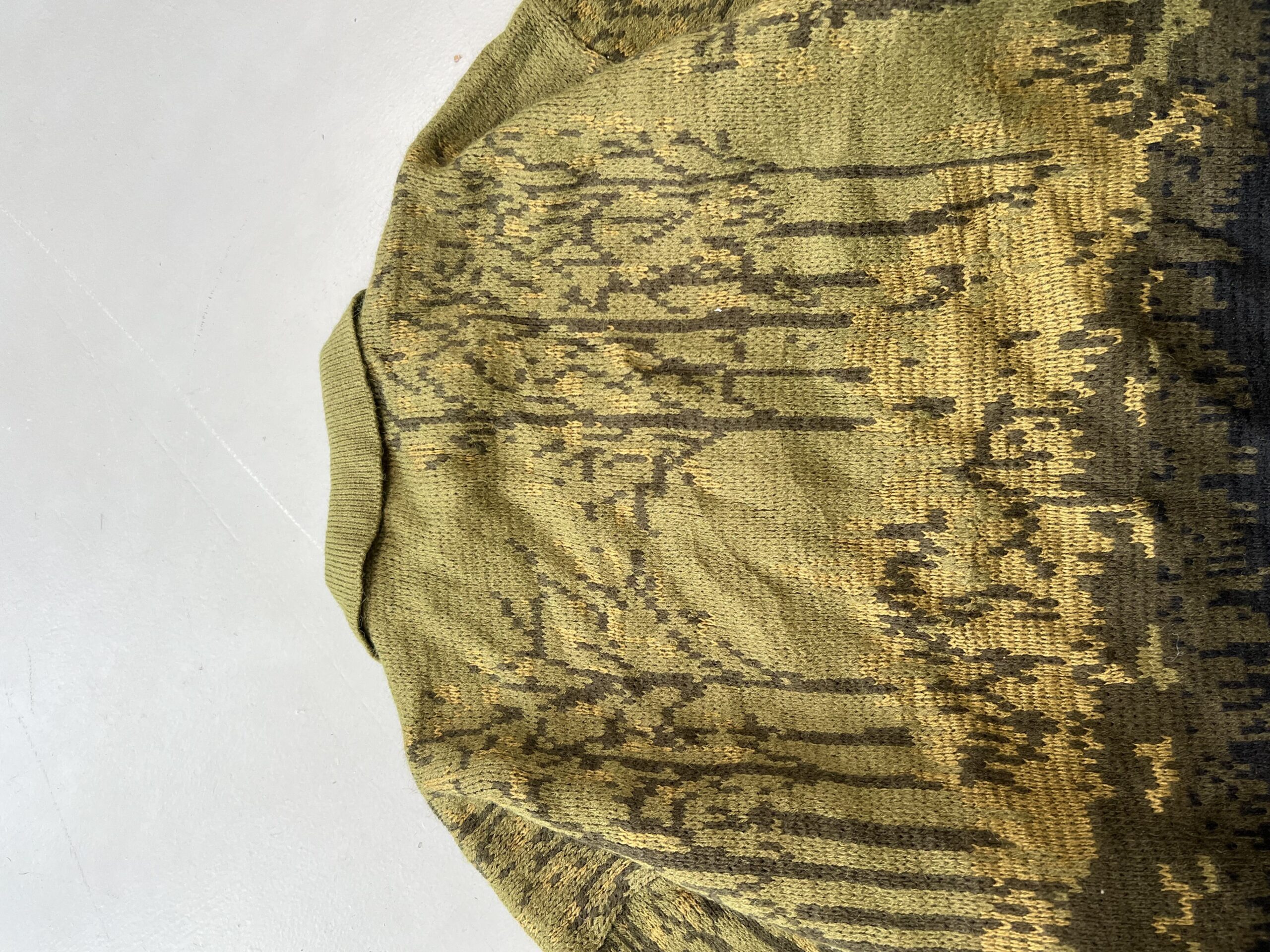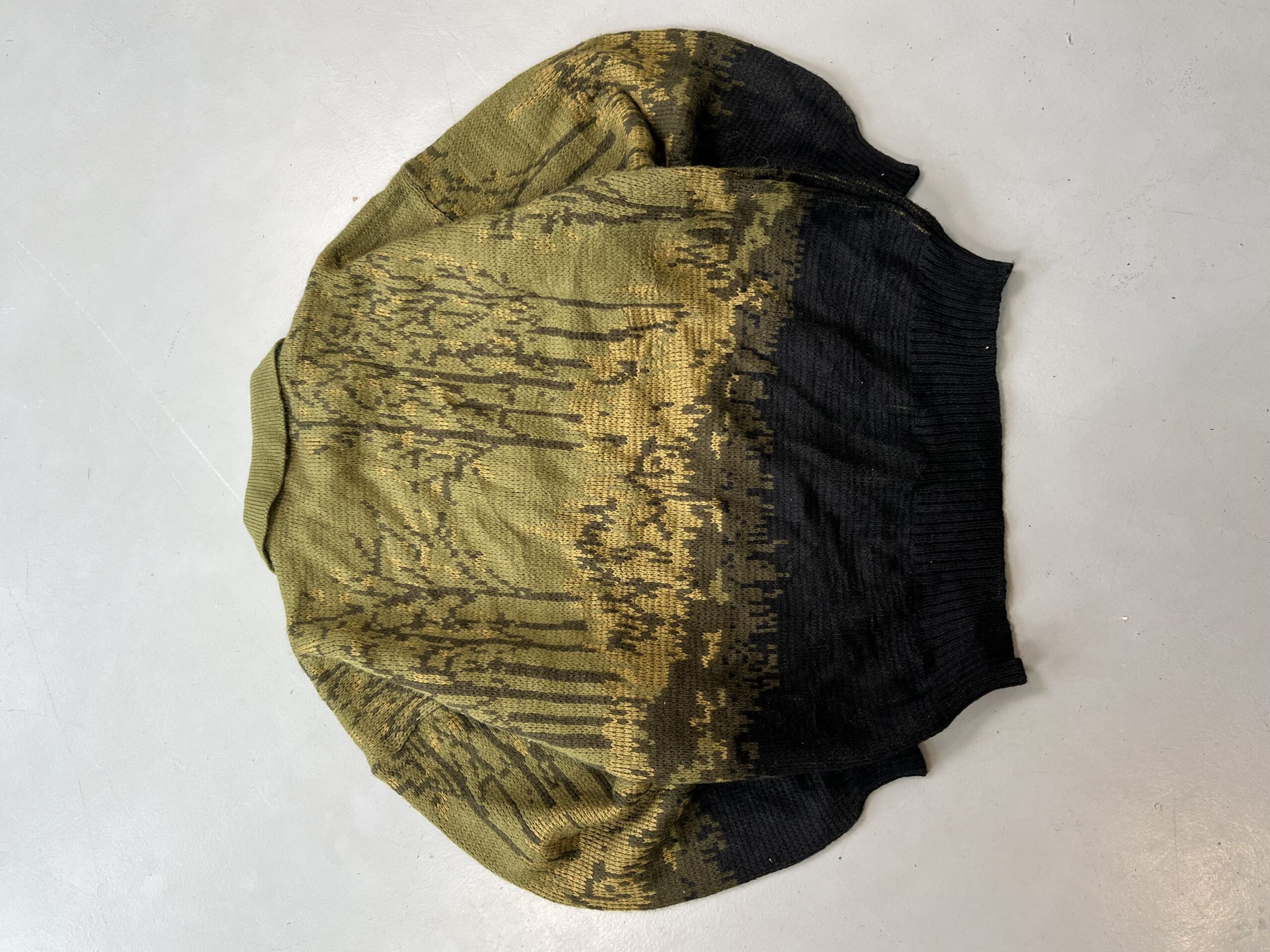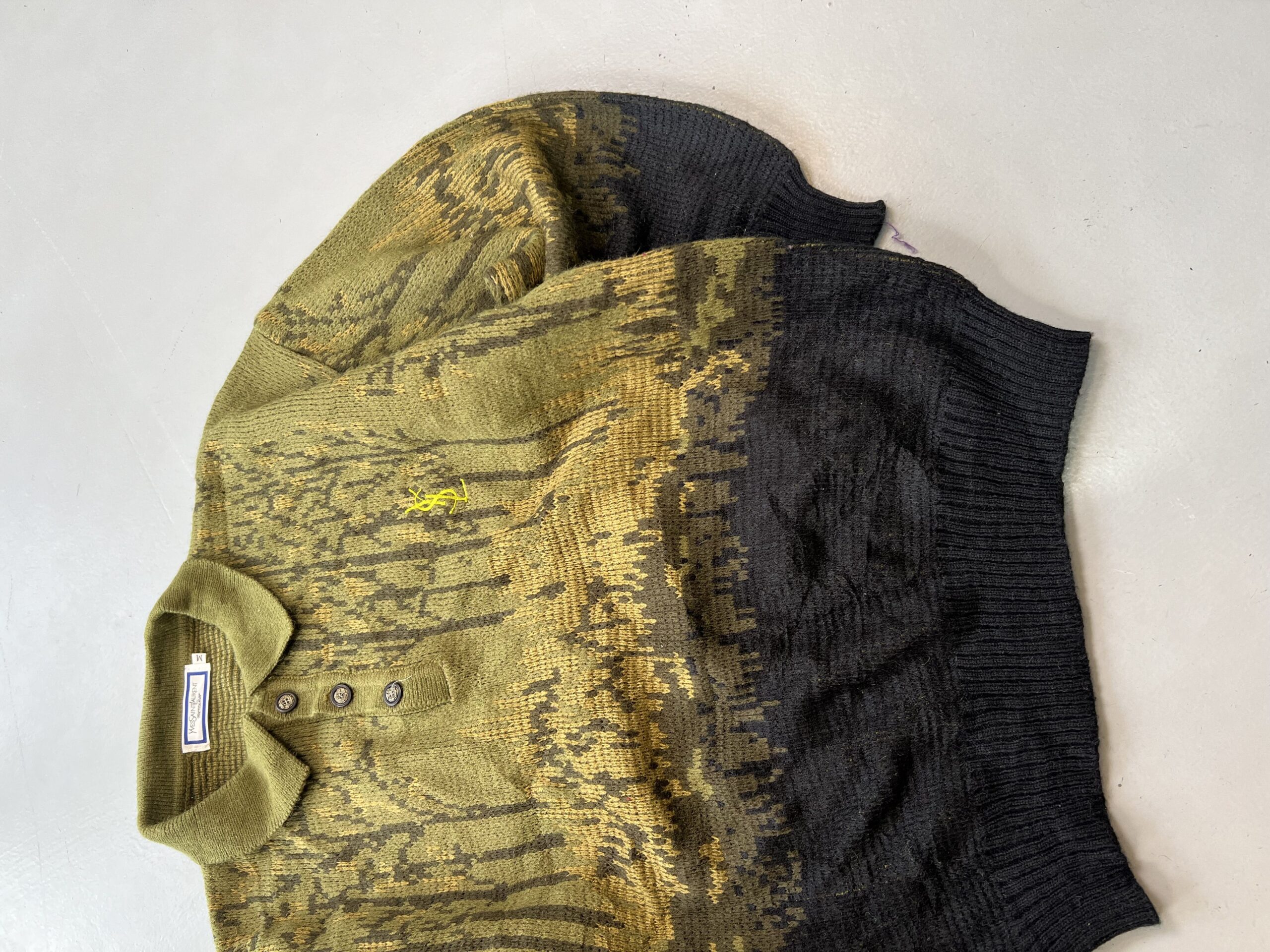 Authentic Vintage Yves Saint Laurent multicolored knit sweater featuring a bold pattern and relaxed streetwear silhouette.
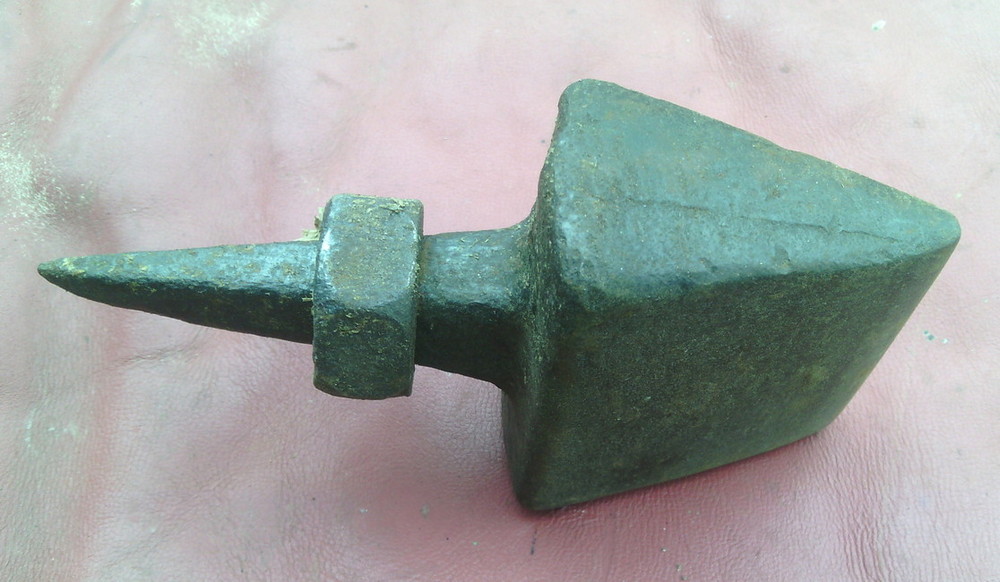 вот такая была. Острый конец в пень загонялся, а на верхнем клепка производилась, отбивалась.
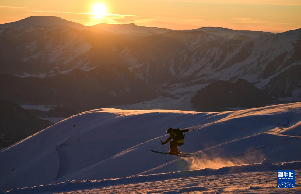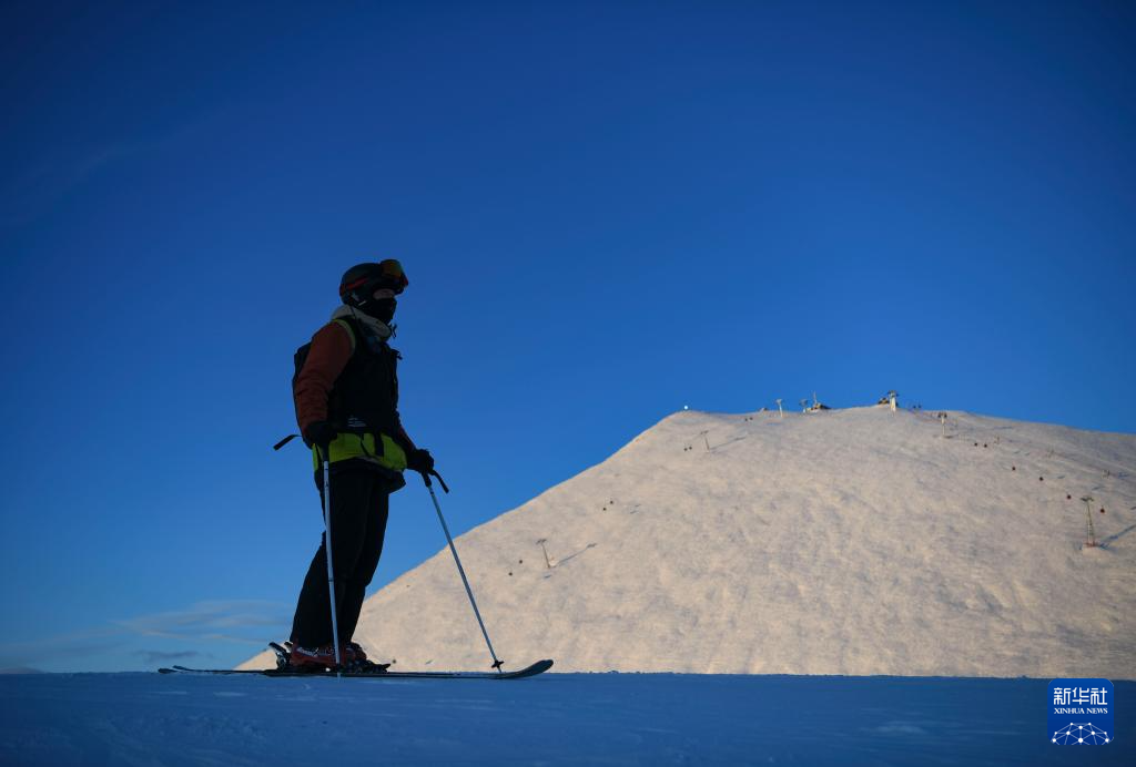 夕阳西下,满德力在吉克普林国际滑雪度假区巡逻(12月3日摄)。
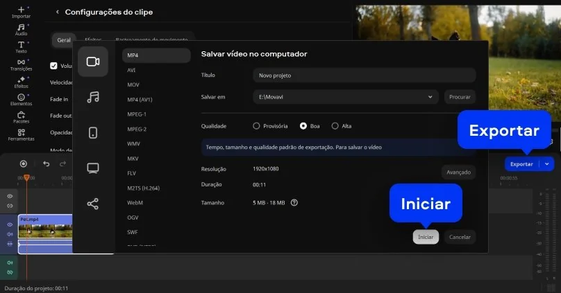 *A versão gratuita do Movavi Video Editor pode ter as seguintes restrições dependendo da versão: marca d'água nos clipes exportados, limite de 60 segundos para vídeo ou 1/2 para áudio e/ou alguns recursos avançados não disponíveis ao exportar vídeos.
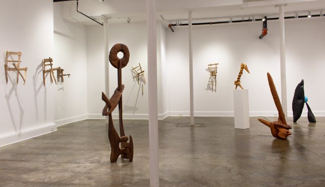 In "Wood Play" both artists are having fun with the materials and the forms. The work in this exhibition evokes that joy. Muller's assembled sculptures play with sticks/lines, broken, abrupt, and jagged. They are simple intelligent collages, with a touch of wry humor. Abner discovers forms by following the shapes and grain of the wood he is carving. The work is fresh, like new growth that is finding the sun for the first time. Abner and Muller are captivated by the materials they use, and share the pleasure they have making the work.
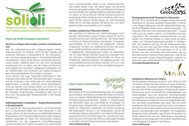 Σύμφωνα με τους διοργανωτές: "Μπορεί από τα γερμανικά ΜΜΕ το ενδιαφέρον για τις εξελίξεις στην Ελλάδα να έχει υποχωρήσει, αλλά η κατάσταση εκεί παραμένει κρίσιμη εφόσον η Τρόικα και η γερμανική κυβέρνηση συνεχίζουν να παροτρύνουν τις περικοπές στην κοινωνική πρόνοια. Η καμπάνια απευθείας διάθεσης προϊόντων από συνεταιρισμούς είναι ένα βήμα, ένα σημείο εκκίνησης του αλληλέγγυου τρόπου εργασίας και είναι η αρχή για να επεκτείνουμε αυτά τα μικρά βήματα προς μια οικονομία της αλληλεγγύης".
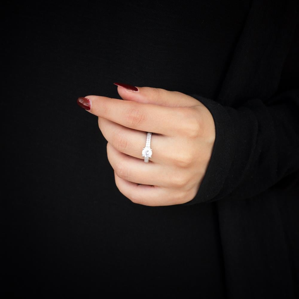 خاتم فضة نسائي بحجر زركون انيق T-01
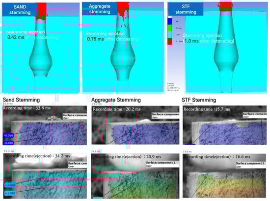 Figure 19 shows a comparison of ejection times of the stemming materials. The ejection times for the sand and fine aggregate stemming were 0.45 ms (test result: 0.4 ms) and 0.75 ms (test result: 0.7 ms), respectively. The total ejection time of the STF stemming was 1.0 ms (test result: 0.9 ms), which indicated a significantly high ejection resistance concerning the blast borehole pressure. Hence, the STF stemming material has superior sealing capacity compared to general stemming materials such as sand and aggregate
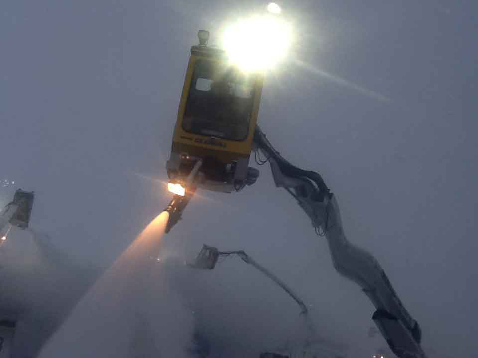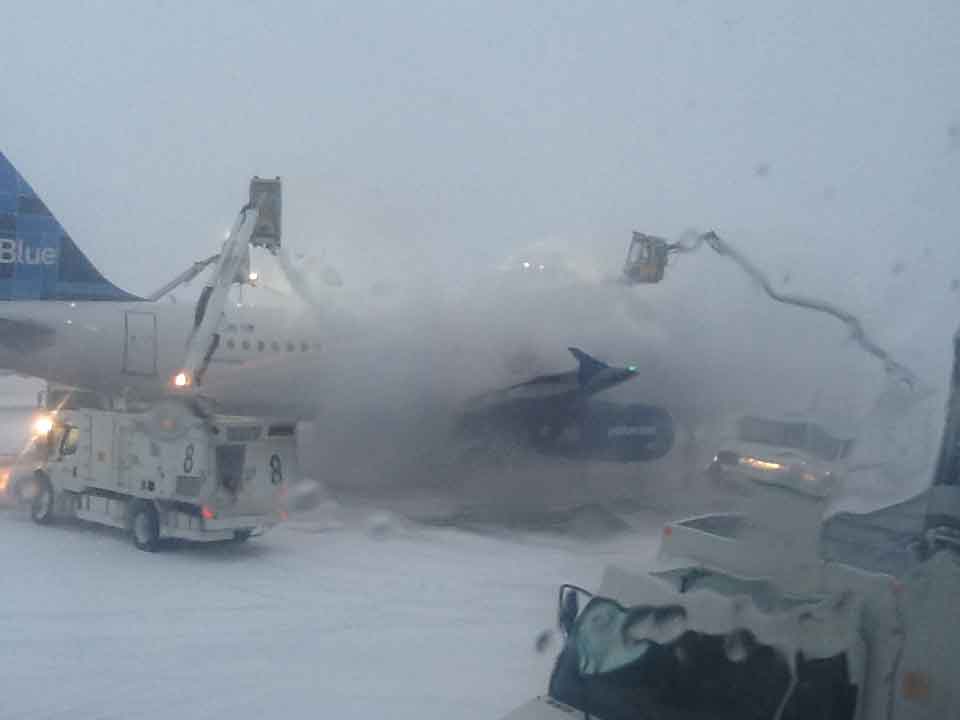 “We had a front row seat for this show,” said Andrew Orlander, passenger on the flight. “I had my ipad against the window, snapping some of the most unusually beautiful photos I’ve ever taken.” The de-icer trucks came with men attached to bird’s nests, spraying antifreeze all over the wings. The sight was surreal, like an airport disaster, except the smoke in the air was snow, mixed with de-icer fluid, shot in sharp spray along 3 aircraft that intended to beat the weather.
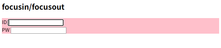 대상 요소에 있는 자식 요소가 포커스 되었을 때 focusin이 적용이 되고 대상의 자식 요소들이 모두 포커스를 잃었을 때 focusout이 적용된다.
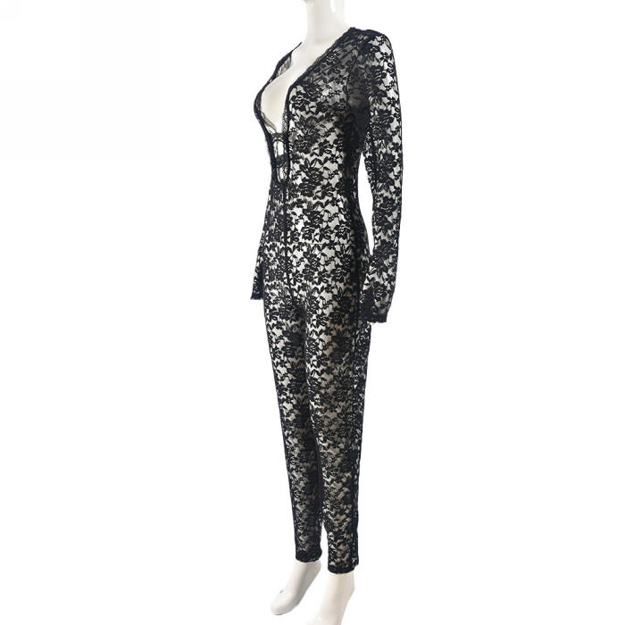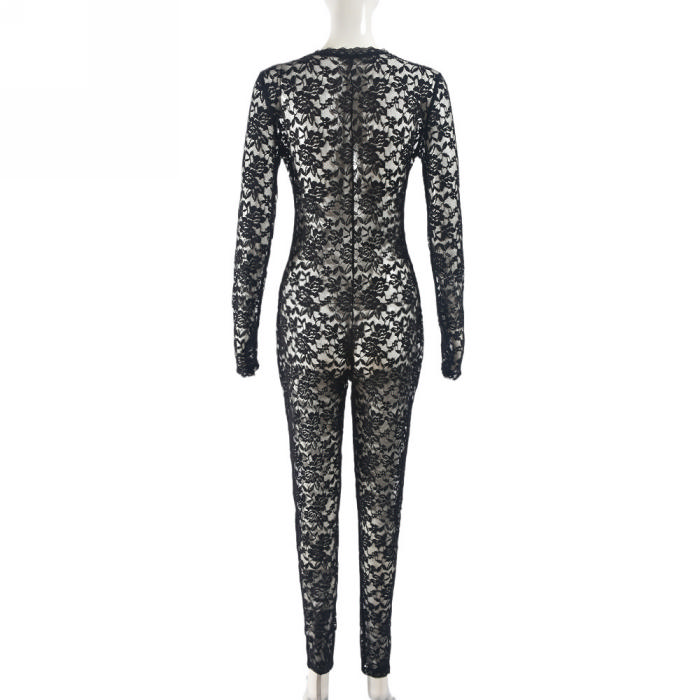 (Real Image)2024 Styles Women Lace See-Through Zipper Sexy Clubwear Long Sleeve JumpsuitSKU: #CF59813-1
━━━━━━━━━━━━━━━━━━━━
#### [WHAT YOU WILL DO]
Restate word for word, please, the line containing "대상 요소에 있는 자식" and all lines after it through the end of the material; the pictures do not belong in the copy.

#### [PROBLEM SOLUTION]
 대상 요소에 있는 자식 요소가 포커스 되었을 때 focusin이 적용이 되고 대상의 자식 요소들이 모두 포커스를 잃었을 때 focusout이 적용된다.
 (Real Image)2024 Styles Women Lace See-Through Zipper Sexy Clubwear Long Sleeve JumpsuitSKU: #CF59813-1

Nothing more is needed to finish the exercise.